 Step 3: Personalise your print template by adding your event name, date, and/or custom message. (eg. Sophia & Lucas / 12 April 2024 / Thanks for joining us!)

---

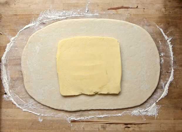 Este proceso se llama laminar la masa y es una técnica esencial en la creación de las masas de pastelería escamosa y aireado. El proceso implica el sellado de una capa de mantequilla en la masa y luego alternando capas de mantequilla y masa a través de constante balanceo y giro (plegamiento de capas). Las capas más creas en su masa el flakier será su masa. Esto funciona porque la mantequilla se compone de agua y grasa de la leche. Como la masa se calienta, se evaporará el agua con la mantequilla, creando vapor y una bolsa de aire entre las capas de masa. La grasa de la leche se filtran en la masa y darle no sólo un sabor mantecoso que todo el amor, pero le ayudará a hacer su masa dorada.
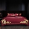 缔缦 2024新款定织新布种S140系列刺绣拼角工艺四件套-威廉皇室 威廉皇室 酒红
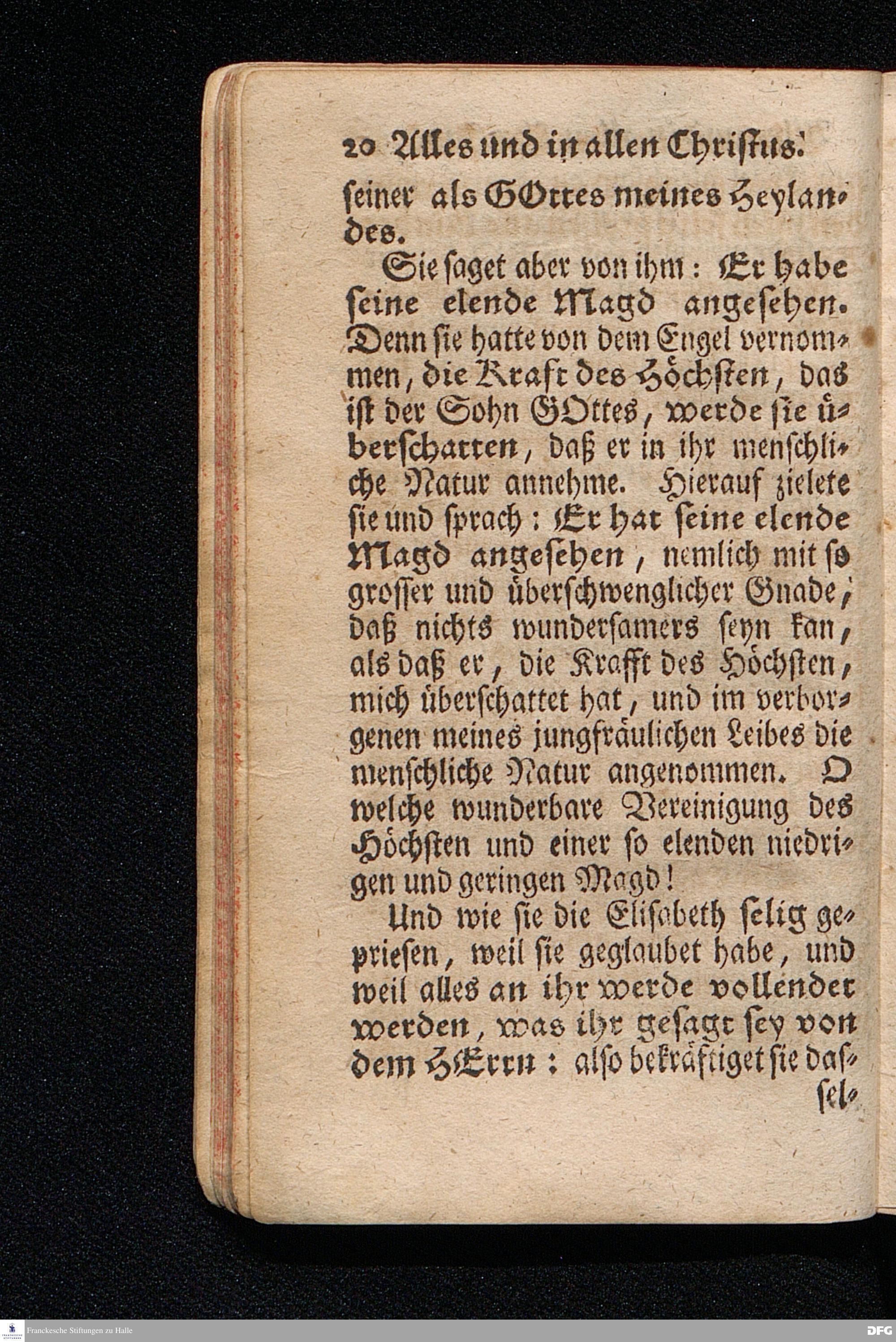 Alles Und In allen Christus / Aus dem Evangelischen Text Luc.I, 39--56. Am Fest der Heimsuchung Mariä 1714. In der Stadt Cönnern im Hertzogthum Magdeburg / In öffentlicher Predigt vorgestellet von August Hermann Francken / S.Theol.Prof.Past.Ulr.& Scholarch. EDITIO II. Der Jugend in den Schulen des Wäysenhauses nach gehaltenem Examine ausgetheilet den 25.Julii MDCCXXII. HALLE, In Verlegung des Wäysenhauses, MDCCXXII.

Required action »
From the data above, return exactly the lines from the one with "缔缦 2024新款定织新布种S140系列刺绣拼角工艺四件套-威廉皇室 威廉皇室 酒红" up to and including the one with "Alles Und In". Pictures do not go in the copy.

Response to this task »
 缔缦 2024新款定织新布种S140系列刺绣拼角工艺四件套-威廉皇室 威廉皇室 酒红
 Alles Und In allen Christus / Aus dem Evangelischen Text Luc.I, 39--56. Am Fest der Heimsuchung Mariä 1714. In der Stadt Cönnern im Hertzogthum Magdeburg / In öffentlicher Predigt vorgestellet von August Hermann Francken / S.Theol.Prof.Past.Ulr.& Scholarch. EDITIO II. Der Jugend in den Schulen des Wäysenhauses nach gehaltenem Examine ausgetheilet den 25.Julii MDCCXXII. HALLE, In Verlegung des Wäysenhauses, MDCCXXII.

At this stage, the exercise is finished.